• What to produce: Make an exact copy, from the records below, of the lines from the line containing "комбинированный затвор (AZT13500)" to the line containing "记者从现场了解到,酒店起火时", both lines included, excluding pictures.

Source records

════════

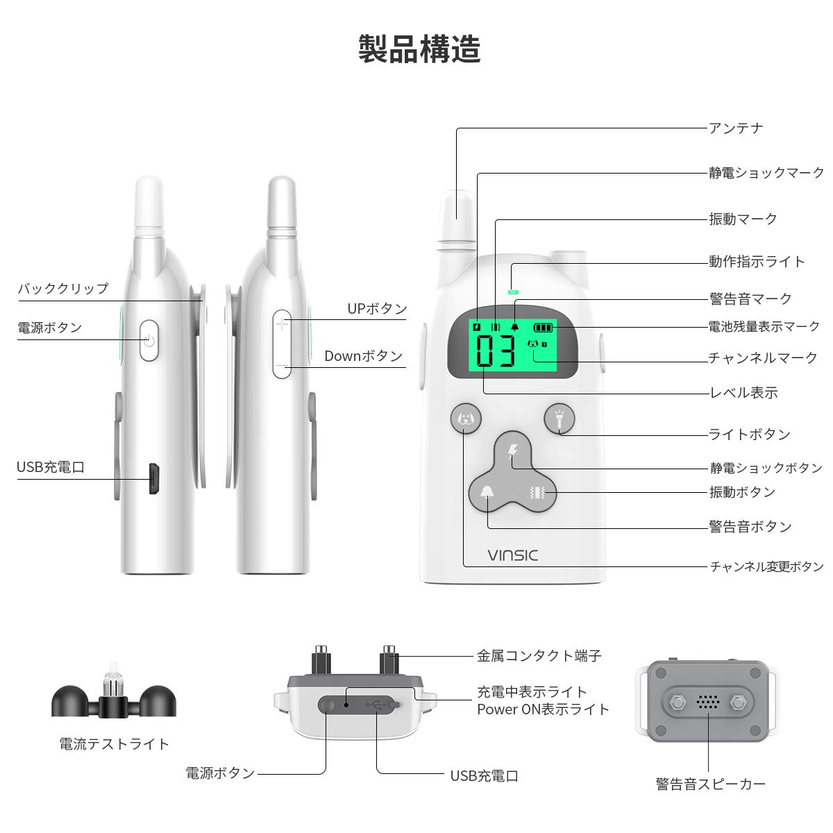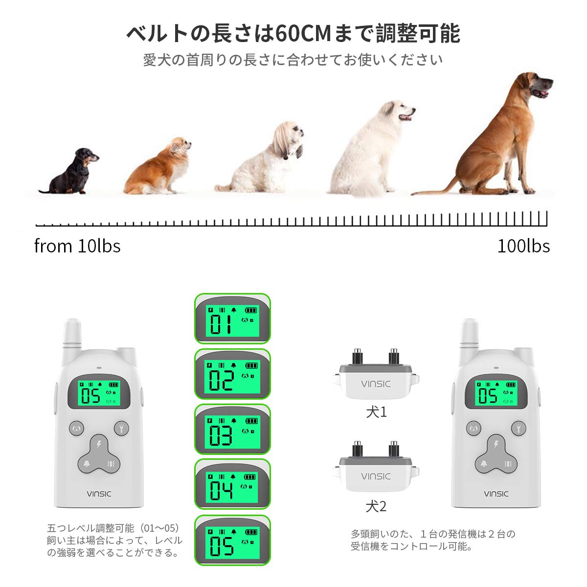 「五つレベル調整」バイブレーション・静電ショック・警告音はすべて5レベル調整可能、無駄吠えを止め、愛犬の訓練を高効率、精確にできます。
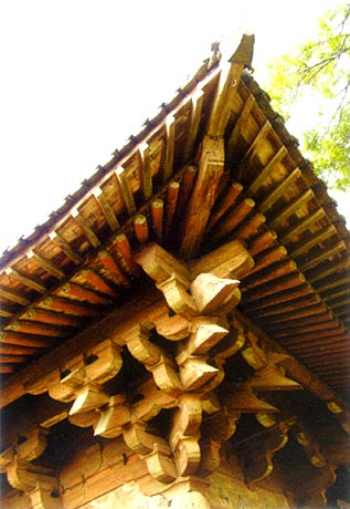唐亡以后的五代,虽然政权更替频繁,战事不断,但各地仍在修理寺刹,如山西平顺的大云院和平遥的镇国寺。这两座寺院至今仍存有五代的遗构。大云院在龙耳山的山腰,建于后晋天福三年(938年),原名仙岩院,宋改今名。院内的大佛殿系初建时遗构,尚有当年的壁画。而镇国寺建于北汉天会七年(963年),系皇家敕建,布局严谨,其万佛殿的檐、柱、斗拱做法巧究,殿内佛像面庞丰润,身躯壮实,具有五代风貌。
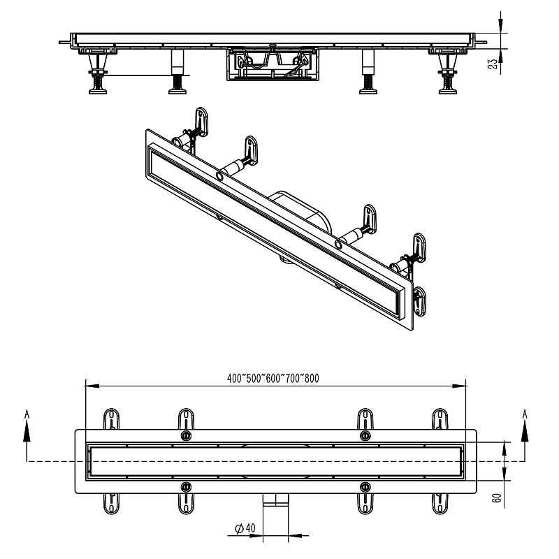 —Душевой лоток AZARIO 500 мм, D40(50), металлическая перфорированная решетка, пластиковый желоб, комбинированный затвор (AZT13500)
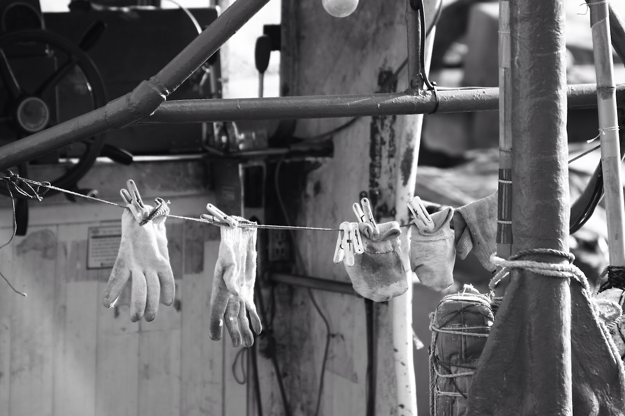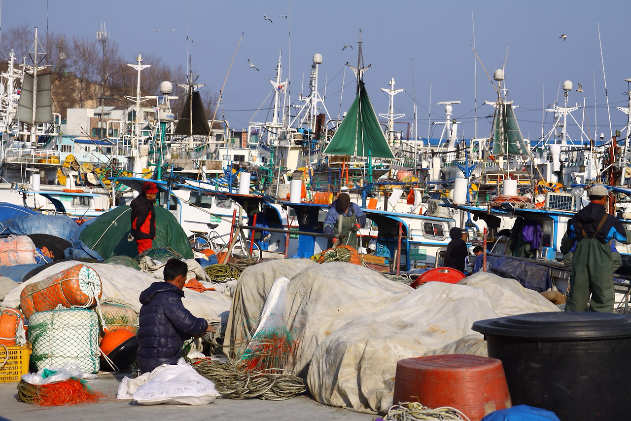 어부들의 또 다른 손들이 제 주인의 고마운 심정과 함께 정갈하게 세탁되어 따사로운 겨울 햇살을 받으며 다시 태어나고 있다. 저 손들은 그 거친 겨울 바다에서 얼마나 쉴 새 없이 움직였을까..
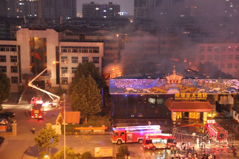 记者从现场了解到,酒店起火时间大约是下午6时50分,几分钟后,酒店冒出的滚滚浓烟就高达二三十米。“当时我正从旁边经过,突然看到酒店里冒起浓烟,房顶上还有火苗舔着屋顶。接着就看到酒店里跑出来很多员工,远远地躲在一旁,听说是酒店里的燃气发生了泄漏,导致起火的。”市民刘先生告诉记者。
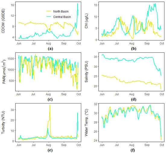 From IRLON water quality measurements, there were significant differences between sub-lagoons for CDOM (QSDE), chlorophyll (Chl; μg L−1), PAR (μmol m−2 s−1), salinity (ppt), turbidity (NTU), and water temperature (°C, Figure 7; Table S2).
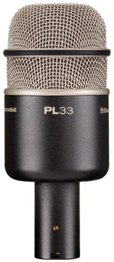 With its tight low end, kick drum-modified mid-range and high frequency response, the PL33 delivers all of the percussive impact detail professional drummers and sound system engineers require. The PL33's tight supercardioid polar pattern is designed to minimize off-axis information entering the capsule, and allows for a very isolated instrument sound and higher gain before feedback. Although designed to be a kick drum microphone, the PL33 also functions quite well as a low tom and bass guitar speaker cabinet microphone.
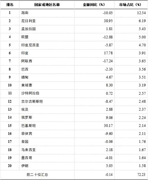 表1 2025年1~9月我国化纤长丝织物主要出口市场情况(按出口额排名)
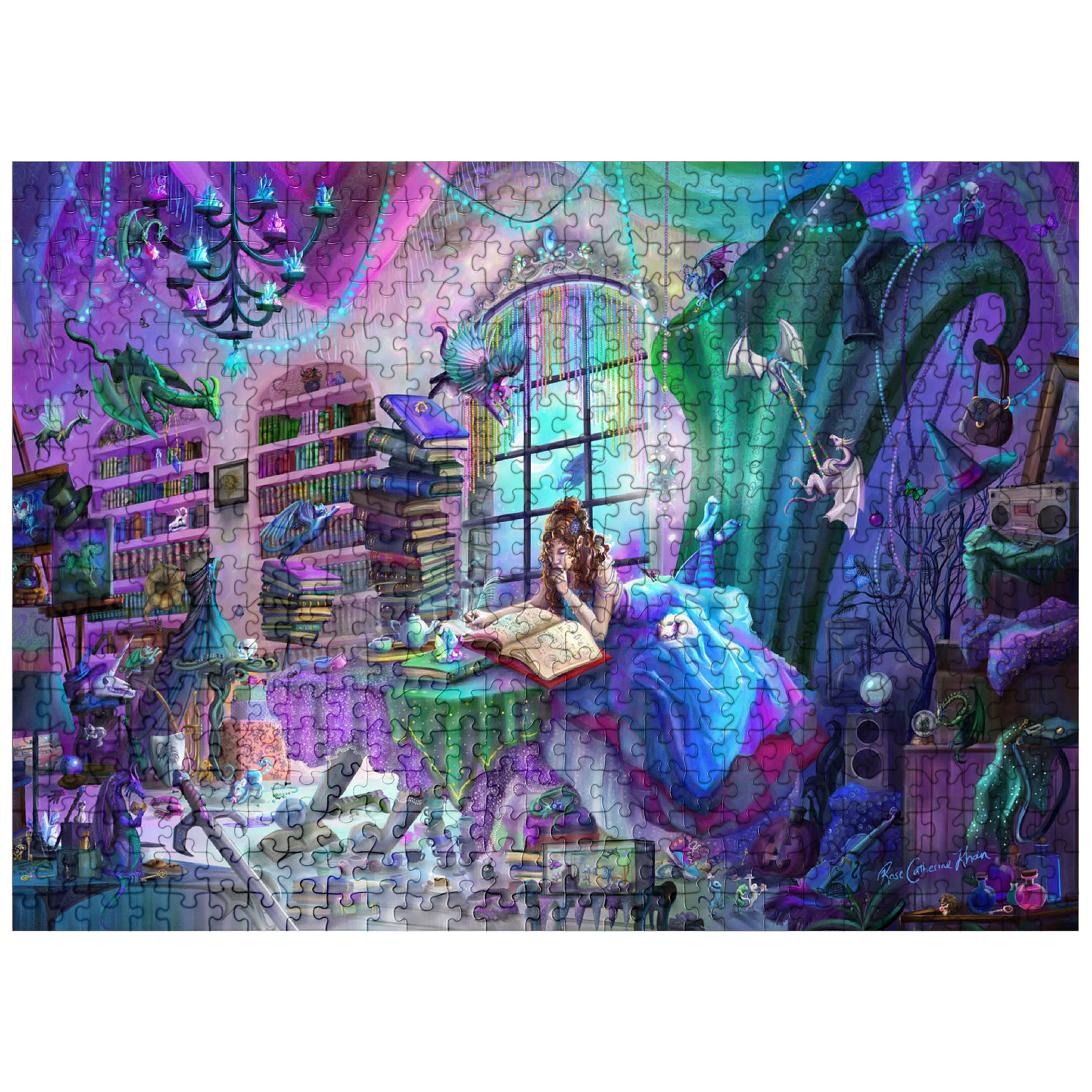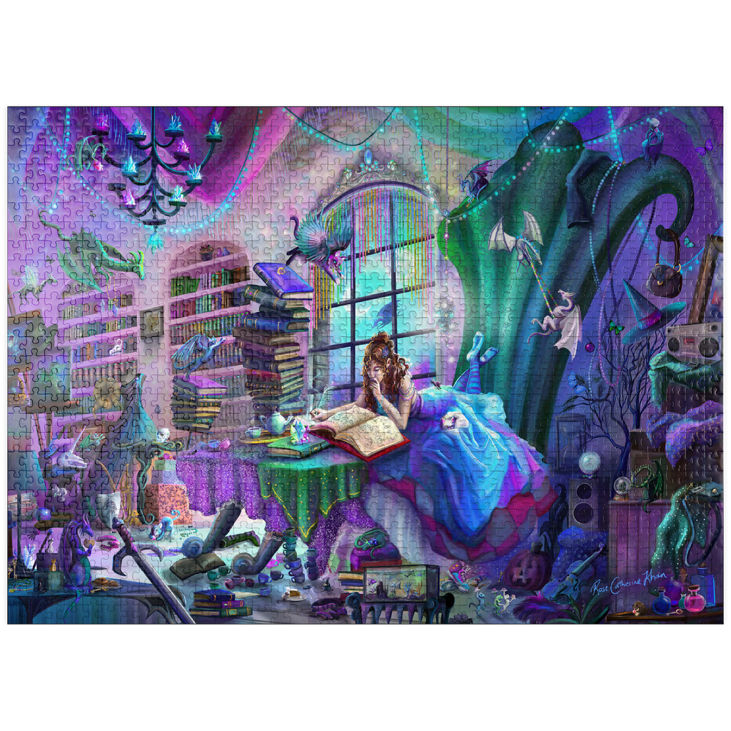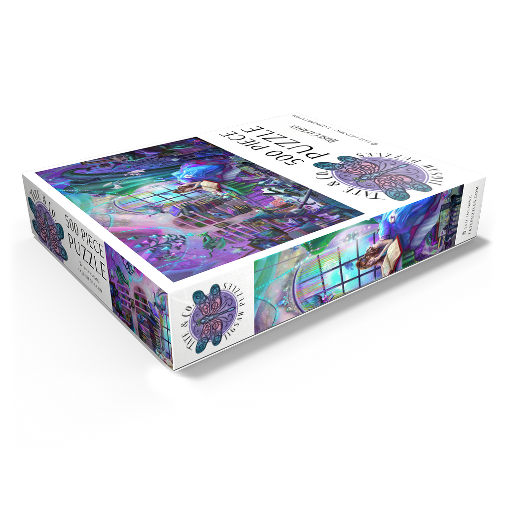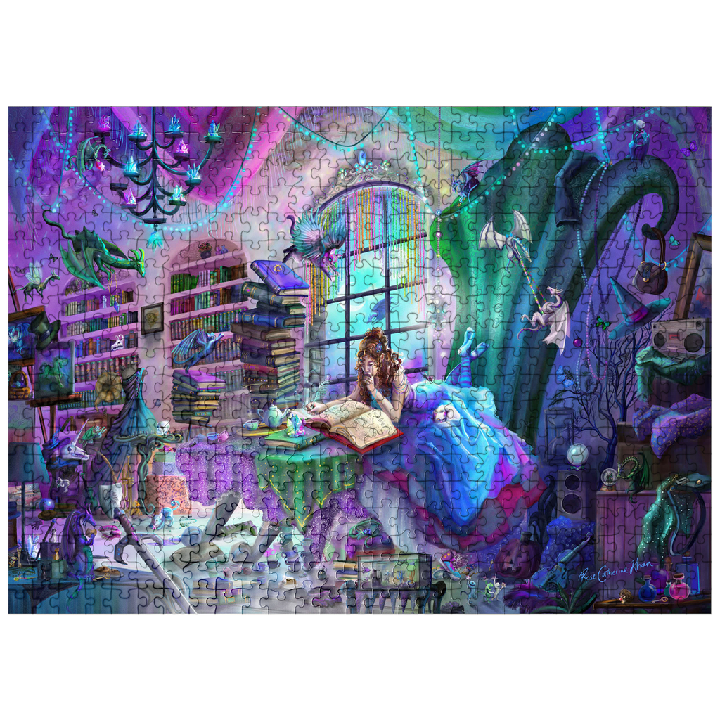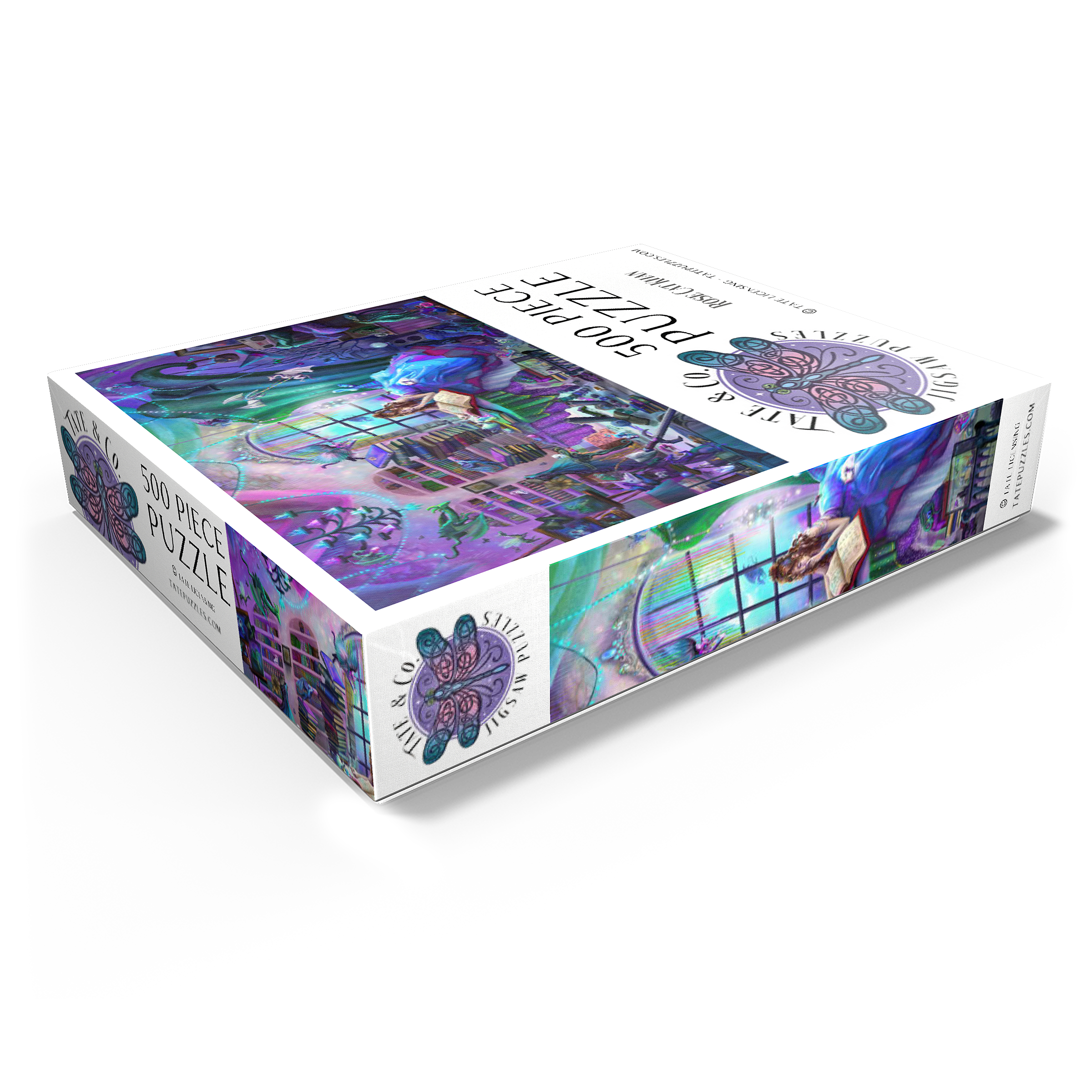 Step into the enchanted world of Centernia in this best-selling fantasy puzzlescape by Rose Cat Khan. Surrounded by glowing books, arcane scrolls, and magical creatures, Artemisa Wynter studies the mysterious Gate to Autumn Valley-her last hope of reaching her mother's world. Among the mage books and teacups lie relics from the 1980s: a cassette player, a pair of jeans, and other forgotten Earthly treasures. Crystals glimmer, winged feltraini cats fly about, and chaos blooms in every corner of this whimsical, lore-filled room. -Magic Study- bridges worlds, blending cozy academia with fantasy. This is the original dark purple version.

════════

• Output of the exercise:
 —Душевой лоток AZARIO 500 мм, D40(50), металлическая перфорированная решетка, пластиковый желоб, комбинированный затвор (AZT13500)
 어부들의 또 다른 손들이 제 주인의 고마운 심정과 함께 정갈하게 세탁되어 따사로운 겨울 햇살을 받으며 다시 태어나고 있다. 저 손들은 그 거친 겨울 바다에서 얼마나 쉴 새 없이 움직였을까..
 记者从现场了解到,酒店起火时间大约是下午6时50分,几分钟后,酒店冒出的滚滚浓烟就高达二三十米。“当时我正从旁边经过,突然看到酒店里冒起浓烟,房顶上还有火苗舔着屋顶。接着就看到酒店里跑出来很多员工,远远地躲在一旁,听说是酒店里的燃气发生了泄漏,导致起火的。”市民刘先生告诉记者。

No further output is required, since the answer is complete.